My point? That the public is being once more manipulated by politicians using the public's natural aversion to personal success or the pursue of it. The idea that the "rich" must pay for the "poor" by taking half of their personal income away then mismanage it on education revolution or sending funds to rogue nations or shamelessly squandering it and sell farms to China ignoring local bidders. 
The " Abolish the negative gearing" movement is based on a fallacy that it is a get rich scheme abused by the wealty. The fact is that a property that makes a loss is a burden and a long term gamble not necessarily that brilliant of a scheme. if you lose money and your marginal tax rate is low your losses are even higher. If you are on the top tax bracket you only recover half of your losses through negative gearing.
The negative gearing haters also seem to miss that it is well understood and widely used by every business under the sun. The reason people hate it is because it is seen as a PERSONAL method to reduce the tax bill. And that introduces the personal variable that allows it to be labelled as "immoral" ... "unfair" and all the other emotional buttons. The fact that it is a business tool, and that far from recovering your losses gives you back 50% at best and most probably way less in practice is missed. Don't let the truth get in the way of a good story... 
And the last point that is rather obvious is that even in a forum that deals with property, no one seems to understand that rental property in Australia is 95% in the hands of single rental property owners. That means that the vast majority of investment owners are amateurs, and far from rich. Or ... like in the case of politicians who never had a real job and that find themselves overnight with a high salary courtesy of the taxpayer, run to buy a high end rental property and negatively gear it against their salary thinking they are very smart in doing so. 
There are a few that own 2, very few that own more than 2 and a handful of companies that own a few hundreds and I know of one company that owns 1240 properties.
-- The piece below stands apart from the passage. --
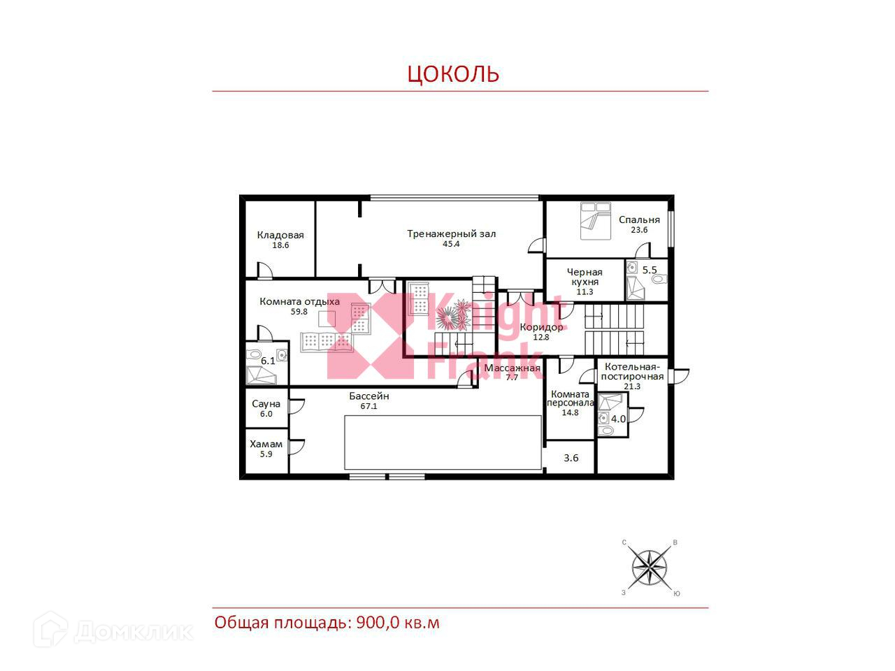 Цоколь: коридор, комната для персонала, котельная-постирочная, с/у, подсобное помещение, массажная, бассейн, хаммам, сауна, лестница, комната отдыха, с/у, кладовая, тренажерный зал, спальня с с/у, рабочая кухня;
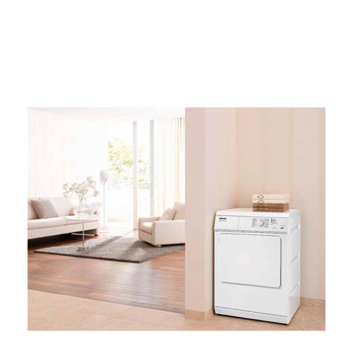 *Dit type droger voert de vochtige lucht af naar buiten. Dit gebeurt via een slang door een raam of muur. Kan of wil je geen afvoerslang naar buiten, kies dan voor een warmtepompdroger of condensdroger.Miele luchtafvoerdroger T8703 De droger is voorzien met energieklasse C en heeft vijf verschillende droogprogramma's, zoals Auto, Cotton, Delicate/silk en Wool. Je bepaalt je programma keuze via de draaiknop, en de droger laat via lampjes zien in welke fase van het droogproces hij bezig is. Je ook voor een anti-kreuk optie kiezen of voor een koude luchtstroom. Zelfs het aansluiten van de afvoerslang is heel eenvoudig. Via een geluidssignaal laar de droger weten dat het droogproces beeindigd is. Je kunt deze functie uitschakelen als dit wenst. Verder is het leeghalen van de droger vergemakkelijkt door de aanwezige trommelverlichting. Ook het pluizenfilter is gemakkelijk te reinigen.

Most multiple property owners do not buy negatively geared.
So in brief, changes to negative gearing will affect almost exclusively those who buy a rental by impulse without much planning and that hope some time in the future to make a capital gain to pay off their own home.  
So much for the high moral ground ... or the low moral ground for that matter.

----------


## Black Cat

Marc, apparently your response to reasoned argument is to start name-calling. I am going to assume this thread is just about you letting off steam because your personal financial structure is under threat ATM. Go for it. But please respect the right of others to have an opinion that differs from yours. Especially when that opinion is based on personal experiences that differ from yours.

----------


## Marc

If you really need to know I have never had any negatively geared properties. Sure had some that made a small loss from time to time due to unforseen circumstances and by no means is my "financial structure under threat". Hope this satisfies your curiosity.

----------


## r3nov8or

Guys, tame your tomes and head over to Take A Photo Of Something for some fun. Help needed 
Also, they aren't gonna touch NG and CG (much anyway), coz if they do they need to fund more public housing which costs more than they will make. 'Cheaper' private housing will never be cheap enough (serviceable loans) for most that rent. Damn, I wrote a mini-tome.

----------


## Marc

Is there an easy way to upload a photo from your phone without first posting it on facebook or some other website? if you try to post a photo from your computer directly the time you need to spend cropping it and chopping it takes all the fun out of it.

----------


## r3nov8or

> Is there an easy way to upload a photo from your phone without first posting it on facebook or some other website? if you try to post a photo from your computer directly the time you need to spend cropping it and chopping it takes all the fun out of it.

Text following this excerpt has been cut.